Syn - From 2013 -
http://blogs.platts.com/2013/11/25/pdvsa-woes/At the Wellhead: Venezuela’s upgraders are maxed out to handle its heavy oilVenezuela has extensive heavy oil reserves, and increasingly, no way of treating it. It’s not a feedstock that can just get thrown into any refinery. Platts Venezuelan correspondent Mery Mogollon discusses that particular problem–one of many–in this week’s Oilgram News column.
Venezuela is producing more extra heavy crude in its oil fields in the Orinoco Belt region than it can process in the four “upgraders” that were built more than a decade ago. The upgraders were built by foreign oil companies and have a combined capacity of 630,000 b/d, or 51% of the actual aggregated output. With 297 billion barrels in proved and probable reserves covering more than 55,000 square kilometers in Venezuela’s southeast, the Orinoco Belt is one of the world’s greatest oil repositories.
But a lack of investment in recent years has stressed its refining, upgrading and transport infrastructure and is impeding increases in output.“The upgraders are at their limit. We are producing a lot of diluted crude oil, or extra heavy oil that is mixed with naphtha, which is why we need to resolve the bottlenecks with the upgraders and expand their capacity with our present partners or with new ones,” said Rafael Ramirez, who is both president of state-owned PDVSA and the nation’s petroleum and mining minister. He spoke this month before international oil executives in Caracas.
Upgraders are plants that heat and dehydrate heavy oil, improve its quality, and also mix in naphtha or lighter crude to make the tar-like substance transportable and ready to process by traditional refineries."
And from 2016 -
https://www.bloomberg.com/news/articles ... -heavy-oil"

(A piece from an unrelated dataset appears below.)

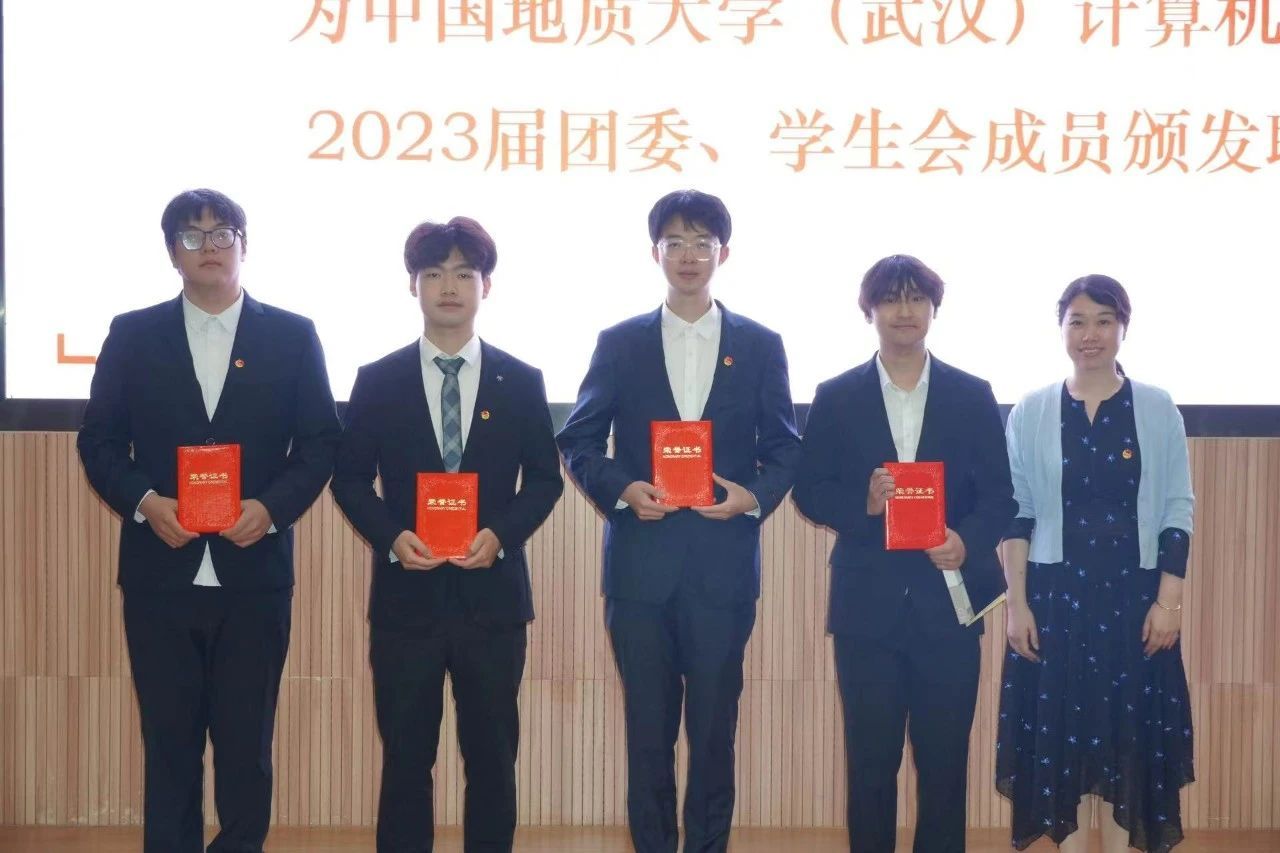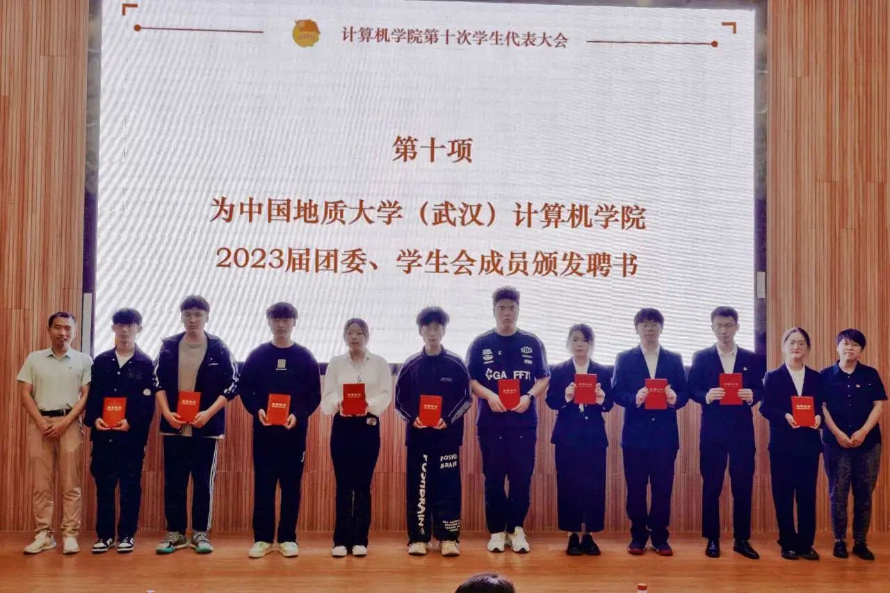 谭文博老师为学生会顾问颁发聘书,闫维蓉,刘佳丹老师为 2023 届学生会成员颁发聘书,王太茂,李欢欢老师为 2023 届团委成员颁发聘书, 林小艳老师为2023届团委学生会主席团成员颁发聘书。

Venezuela’s state oil company Petroleos de Venezuela SA is said to be looking into leasing the Aruba refinery, where it would ship tar-like oil to be upgraded into higher value synthetic crude rather than produce fuels like gasoline.
PDVSA, through its U.S. subsidiary Citgo Petroleum Corp., is in talks with the Aruba government to lease the refinery, according to an Aruba government official who isn’t authorized to speak publicly. The Caracas-based state oil company is studying whether to configure the refinery into an upgrader that processes heavy crude from Venezuela’s Orinoco Belt, according to a person familiar with the developing plan.
The plan is being considered as cash-strapped PDVSA doesn’t have the financial resources to build the oil upgraders that it needs to turn its asphalt-like crude into a product that refineries can process. The last upgraders were put into operation in the early 2000s. The country owns four of them in partnership with firms like Total SA and Chevron Corp."